Records:
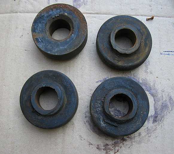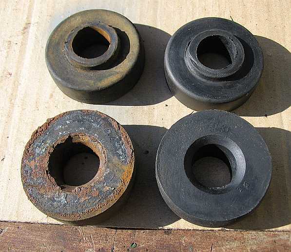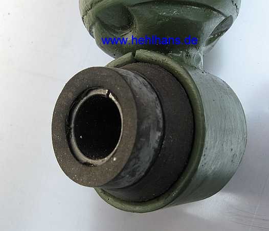 | Die Dämpfergummis können mit einem alkoholischen Rostlöser, der gleichzeitig Gummi pflegt, gereinigt werden. Zuvor kratzt man die Rostrückstände mit einem Schaber ab. Die Schutzrohre werden mit Wasser von den Schlammrückständen im Inneren gereinigt. | ![]() |
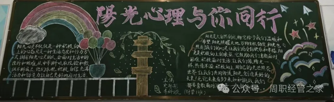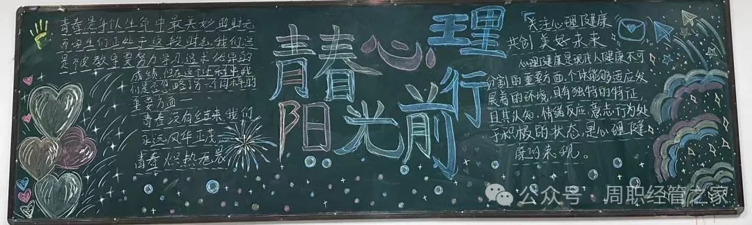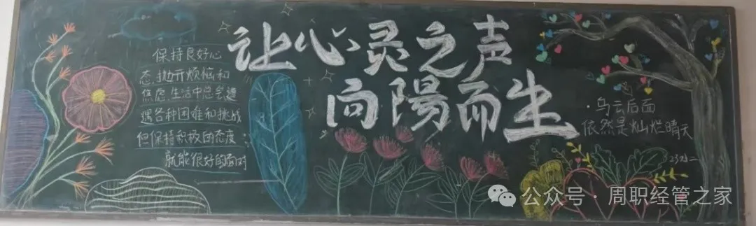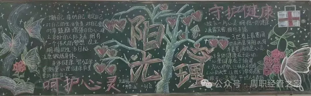 为进一步加强心理健康教育工作,推动广大学生对心理健康的重视和了解,营造健康和谐的校园氛围,促进学生的心理健康发展,我院开展以“青春心灵,沐光而行”为主题的黑板报活动。
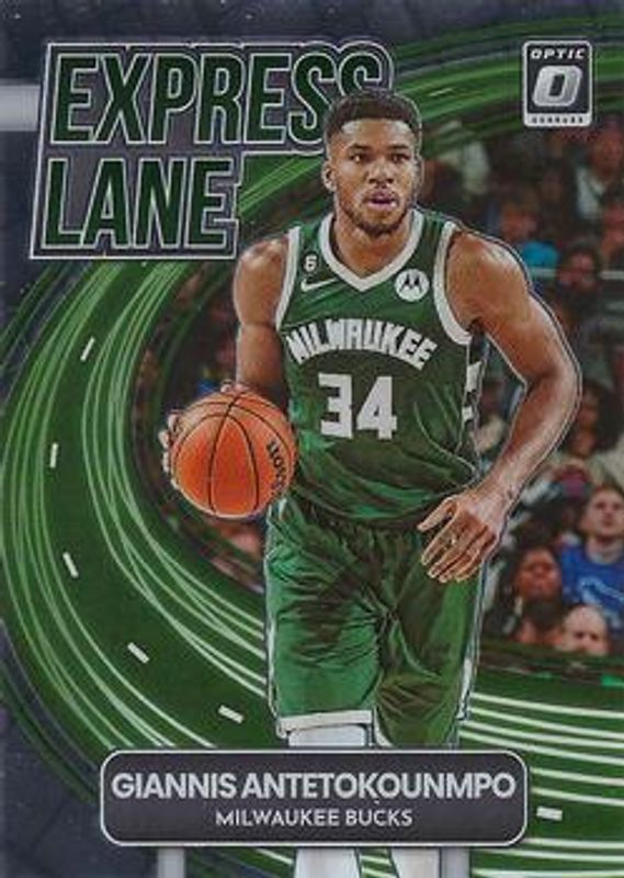 The Giannis Antetokounmpo 2022 Optic #10 Express Lane card is 1 of 109 Giannis Antetokounmpo's card variations in the 2022 Optic set being tracked by Sports Card Investor, including Base, Checkerboard, Choice Red & Green, Fast Break, and Green Shock.
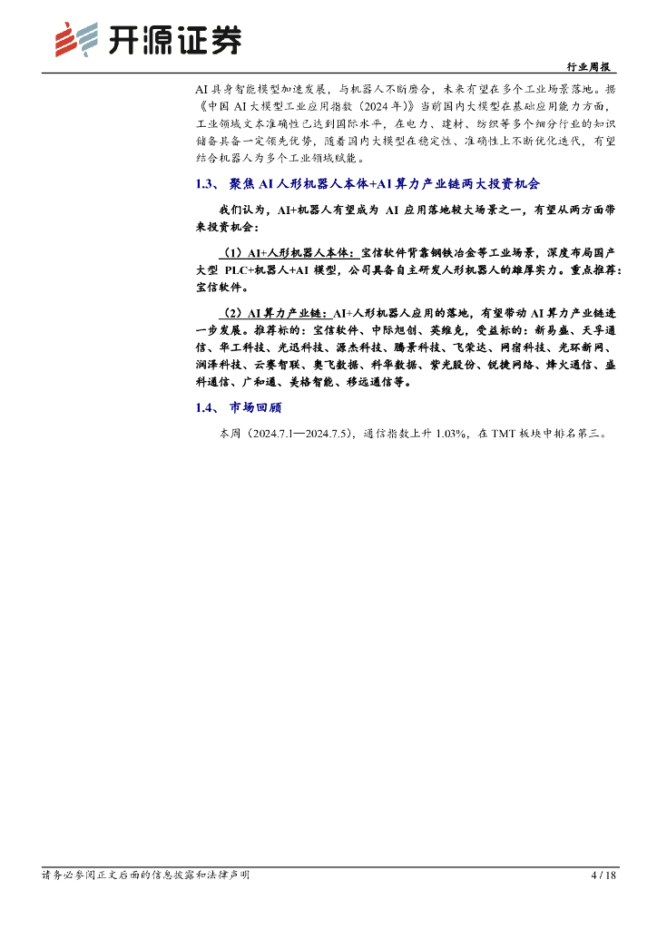 开源证券:通信行业周报:重视AI人形机器人本体+AI算力产业链投资机会.pdf
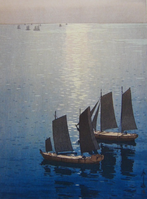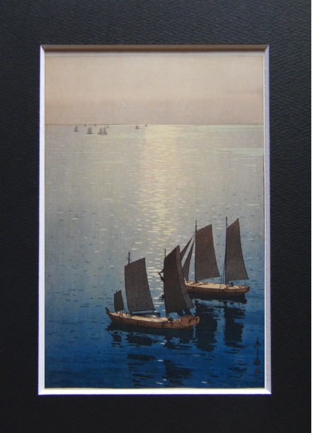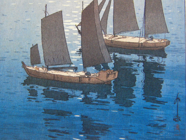 吉田博、【光る海 瀬戸内】、希少画集画、高級新品額・額装付、状態美麗、送料無料
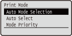 Iekārta pārslēdzas automātiskās izvēles režīmā, ja iespējas <Auto Mode Selection> iestatījums ir <Auto Selection>. Iekārta automātiski atšķir no datora sūtītos datus un izvēlas drukāšanas režīmu. Drukājot no lietojumprogrammas, galvenokārt izmantojiet šo drukāšanas režīmu.
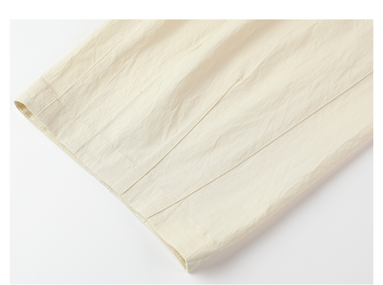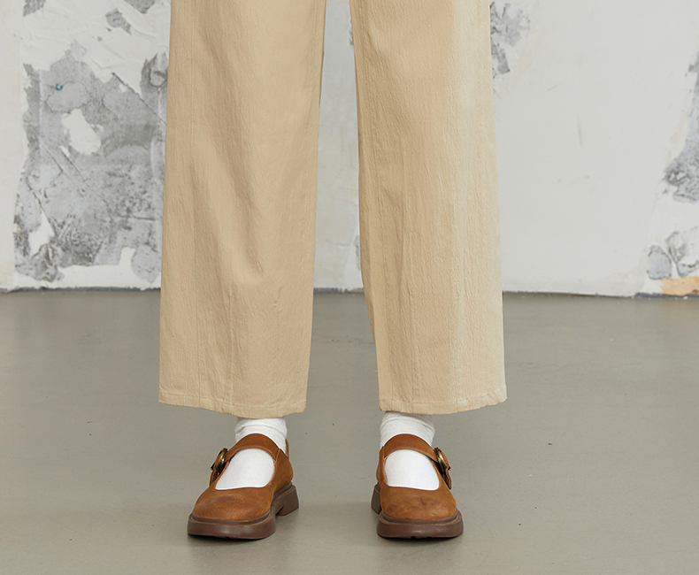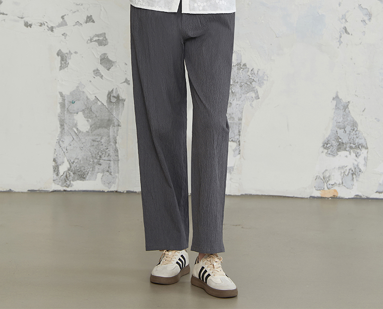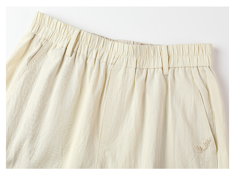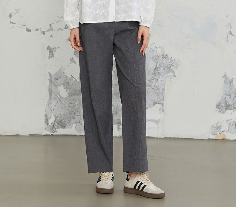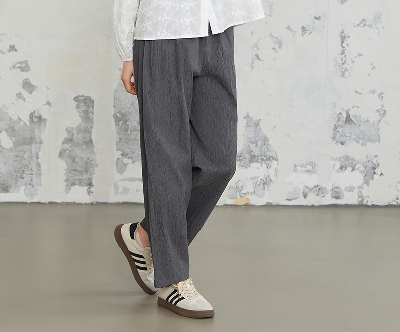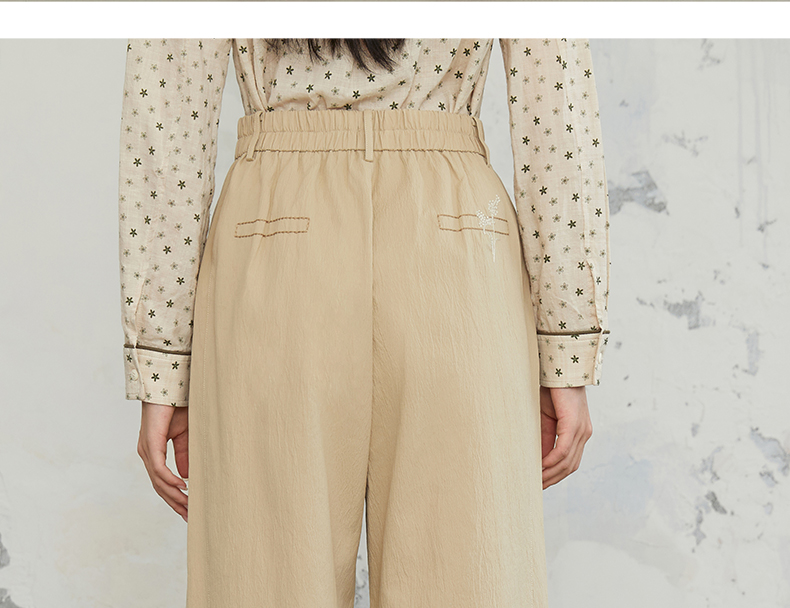 Famecoco范可儿裤子棉质刺绣褶皱感休闲直筒松紧腰长裤女秋季FAB6GA013
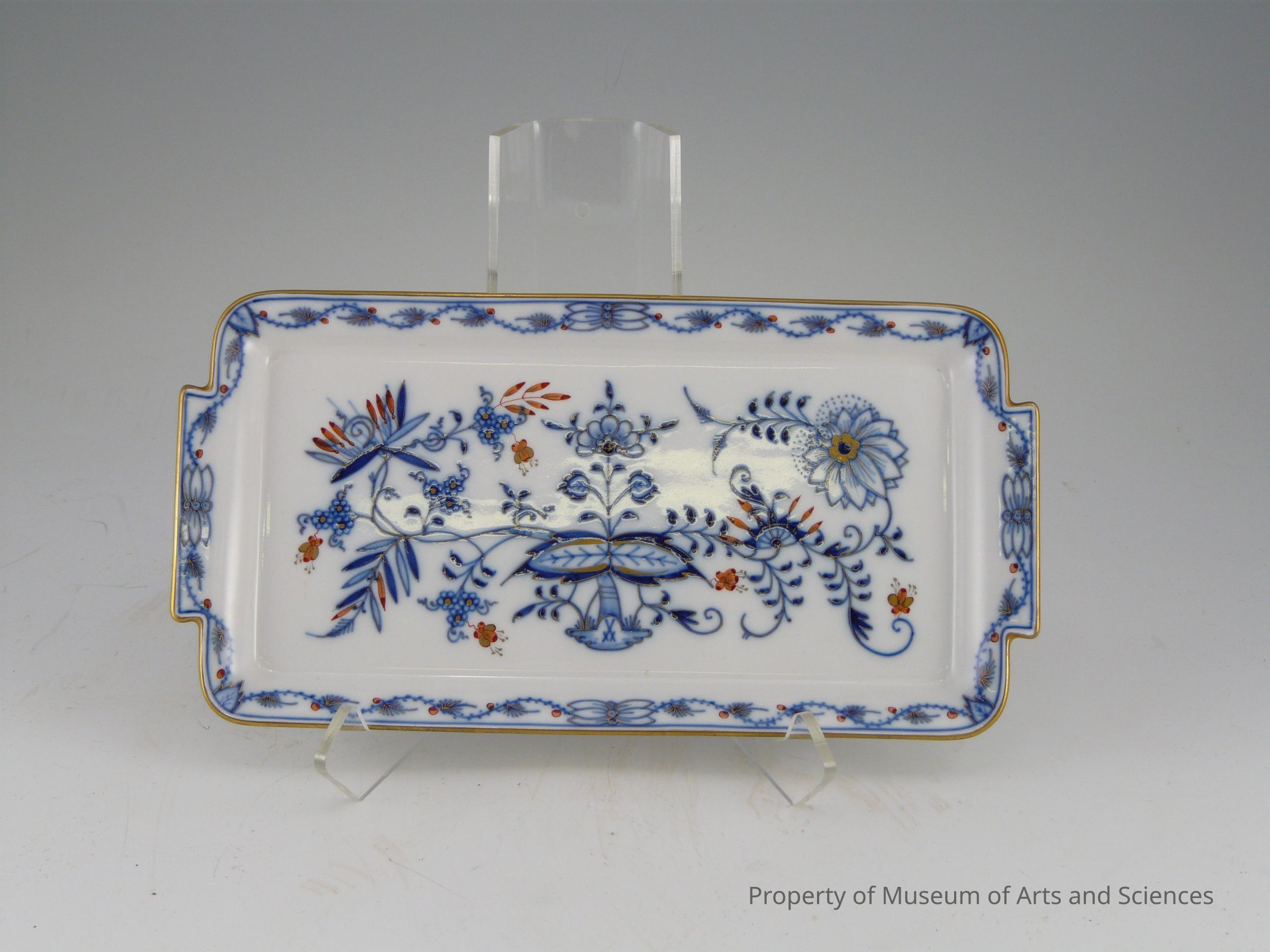20th century Meissen porcelain tray, blue with floral design

Task directions: Exactly as written, return every line of the listing, but not the pictures.

Response to the exercise:
 | Die Dämpfergummis können mit einem alkoholischen Rostlöser, der gleichzeitig Gummi pflegt, gereinigt werden. Zuvor kratzt man die Rostrückstände mit einem Schaber ab. Die Schutzrohre werden mit Wasser von den Schlammrückständen im Inneren gereinigt. | ![]() |
 为进一步加强心理健康教育工作,推动广大学生对心理健康的重视和了解,营造健康和谐的校园氛围,促进学生的心理健康发展,我院开展以“青春心灵,沐光而行”为主题的黑板报活动。
 The Giannis Antetokounmpo 2022 Optic #10 Express Lane card is 1 of 109 Giannis Antetokounmpo's card variations in the 2022 Optic set being tracked by Sports Card Investor, including Base, Checkerboard, Choice Red & Green, Fast Break, and Green Shock.
 开源证券:通信行业周报:重视AI人形机器人本体+AI算力产业链投资机会.pdf
 吉田博、【光る海 瀬戸内】、希少画集画、高級新品額・額装付、状態美麗、送料無料
 Iekārta pārslēdzas automātiskās izvēles režīmā, ja iespējas <Auto Mode Selection> iestatījums ir <Auto Selection>. Iekārta automātiski atšķir no datora sūtītos datus un izvēlas drukāšanas režīmu. Drukājot no lietojumprogrammas, galvenokārt izmantojiet šo drukāšanas režīmu.
 Famecoco范可儿裤子棉质刺绣褶皱感休闲直筒松紧腰长裤女秋季FAB6GA013
20th century Meissen porcelain tray, blue with floral design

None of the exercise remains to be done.